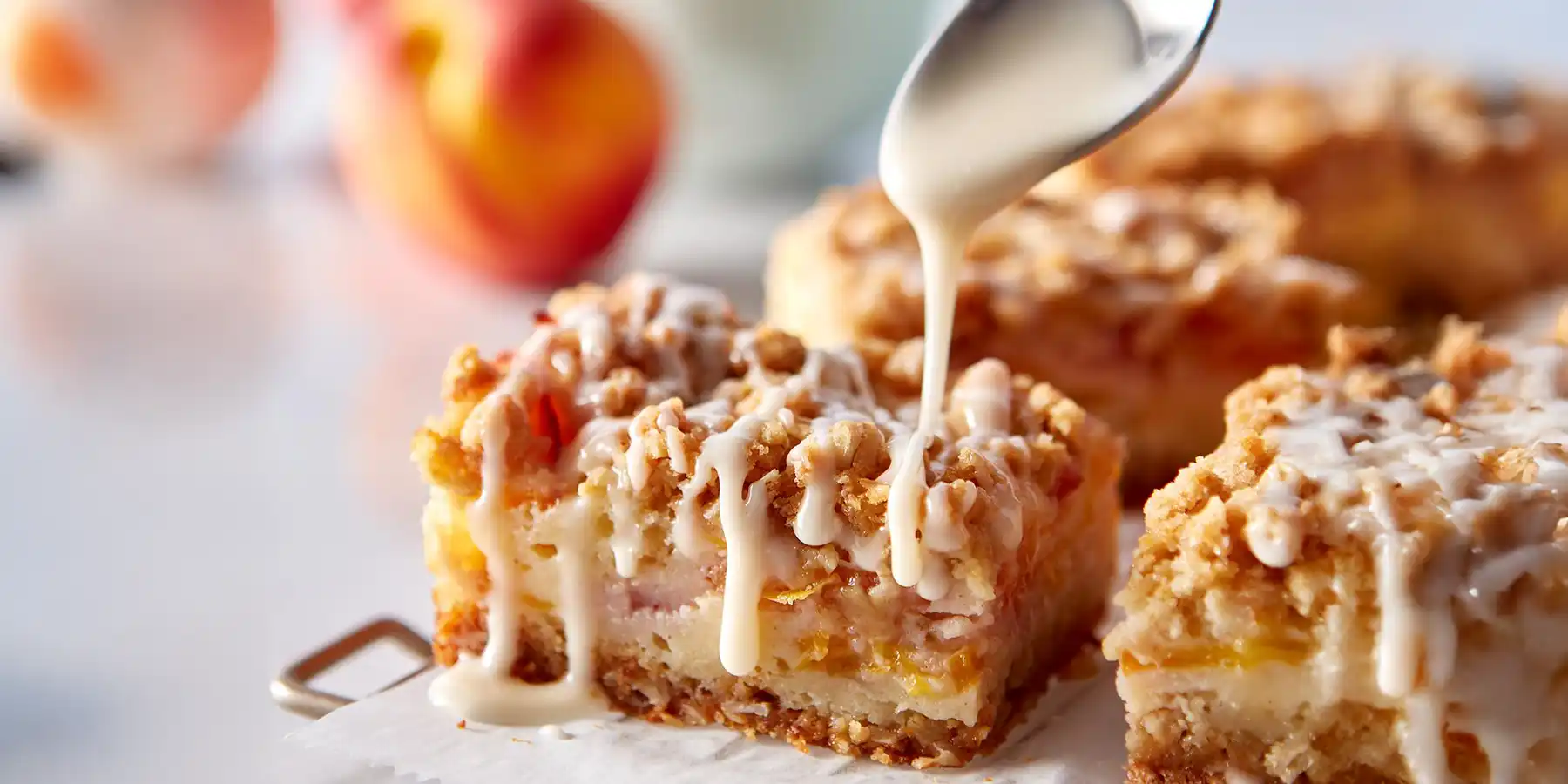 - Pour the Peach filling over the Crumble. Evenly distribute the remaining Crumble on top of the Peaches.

****

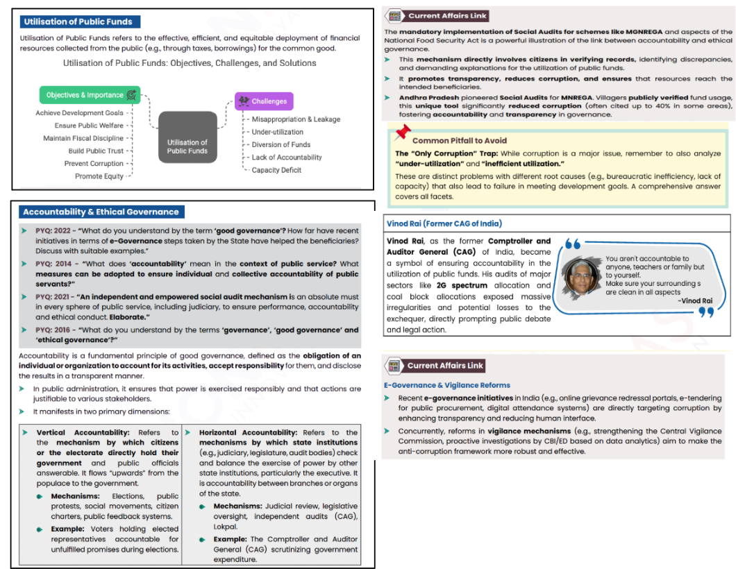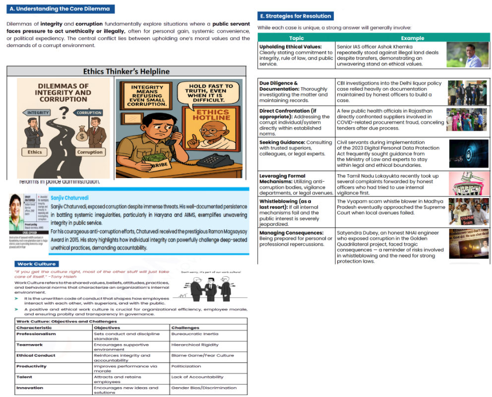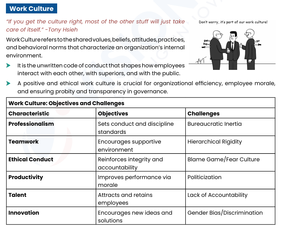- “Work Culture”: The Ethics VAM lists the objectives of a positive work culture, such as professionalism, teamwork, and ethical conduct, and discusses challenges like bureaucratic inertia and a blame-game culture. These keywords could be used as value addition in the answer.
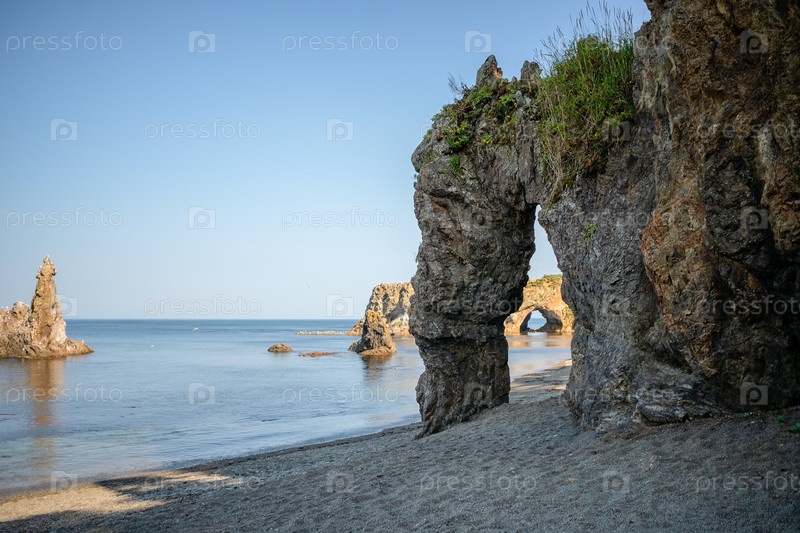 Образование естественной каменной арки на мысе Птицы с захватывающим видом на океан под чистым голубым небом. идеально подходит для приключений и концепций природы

****

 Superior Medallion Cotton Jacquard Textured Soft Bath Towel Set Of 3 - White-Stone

****

**What is being asked**
When you reach the line with "in the answer." in the records above, begin repeating the lines exactly, and stop after the line with "Образование естественной каменной". Skip all pictures.

**Task output**
- “Work Culture”: The Ethics VAM lists the objectives of a positive work culture, such as professionalism, teamwork, and ethical conduct, and discusses challenges like bureaucratic inertia and a blame-game culture. These keywords could be used as value addition in the answer.
 Образование естественной каменной арки на мысе Птицы с захватывающим видом на океан под чистым голубым небом. идеально подходит для приключений и концепций природы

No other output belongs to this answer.